The filing also itemises insider transactions executed during the prior three-month look-back period required by Rule 144. Between 10 April 2025 and 2 July 2025, Niraj S. Shah and the Shah Charitable Foundation collectively sold approximately 342,000 Class A shares in eleven separate trades, realising aggregate gross proceeds of more than $16.0 million (individual proceeds are listed, total not explicitly provided in the document). The largest single transaction was a 179,707-share sale on 1 July 2025 for $9.45 million.
Rule 144 filings signal potential insider activity but do not guarantee that the planned sale will occur. Nonetheless, the consistent pattern of sizeable disposals by the same affiliated parties—coupled with this new 4,000-share notice—may be interpreted by investors as a continuation of insider selling pressure on Wayfair’s float.

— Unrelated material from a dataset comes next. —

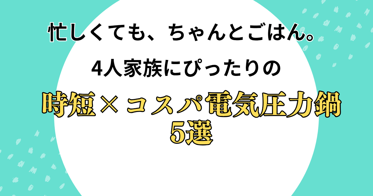 忙しい共働き家庭や子育て世代にとって、電気圧力鍋は「料理の時短×節約×安心」を叶える心強い味方です。

Wayfair Inc. (symbol W) Co-Founder and 10% owner Steven Conine reported selling an aggregate 7,094 Class A shares on 2 July 2025 under a pre-established Rule 10b5-1 trading plan adopted 15 Aug 2024. The weighted-average sale prices ranged from $53.22 to $56.41, with specific tranches executed at $53.49, $54.65, $56.00 and $56.40. Following the transactions Conine directly owns 229,073 shares and indirectly holds 22,857 shares through SK Ventures LLC. No derivative transactions were reported.
Wayfair Inc. (NYSE: W) Form 4 filing – July 2, 2025
Chief Technology Officer Fiona Tan reported the vesting and settlement of two restricted-stock-unit (RSU) grants on July 1, 2025:
- 62,625 Class A shares were issued at a $0 exercise price (transactions code “M”).
- To satisfy tax-withholding obligations, 32,428 shares were automatically sold to the issuer at $51.99 (code “F”), a cash value of roughly $1.68 million.
After the transactions Ms. Tan owns 141,325 shares directly and 70,891 shares indirectly through a revocable trust, indicating a net increase of about 30 k shares in direct holdings. Remaining unvested RSUs from the April 18 2022 grant will vest quarterly through April 1 2026, while the June 19 2025 grant is now fully vested.
The filing reflects routine equity compensation settlement rather than an open-market disposition; no cash purchases or discretionary sales were reported.
Wayfair Inc. (ticker: W) – Form 4 filing dated 07/02/2025
CFO & Chief Administrative Officer Kate Gulliver reported a series of restricted-stock unit (RSU) vestings and the associated share movements on 07/01/2025. Five previously granted RSU tranches converted into a total of 51,921 Class A shares (50,604 + 1,317 incremental units) at a nil exercise price (Code “M”). To cover statutory tax withholding, the issuer retained 25,106 shares at $51.99 each (Code “F”), equating to roughly $1.3 million in value. After all transactions, Gulliver’s direct beneficial ownership rose from approximately 145 k shares to 171,289 shares, a net increase of about 25,498 shares (+17.5%). No open-market purchases or sales occurred; all activity stemmed from equity compensation.
The filing signals continued equity exposure by a key executive, but because the acquisitions are compensation-related and partially offset by tax withholding, the capital-market impact is typically modest.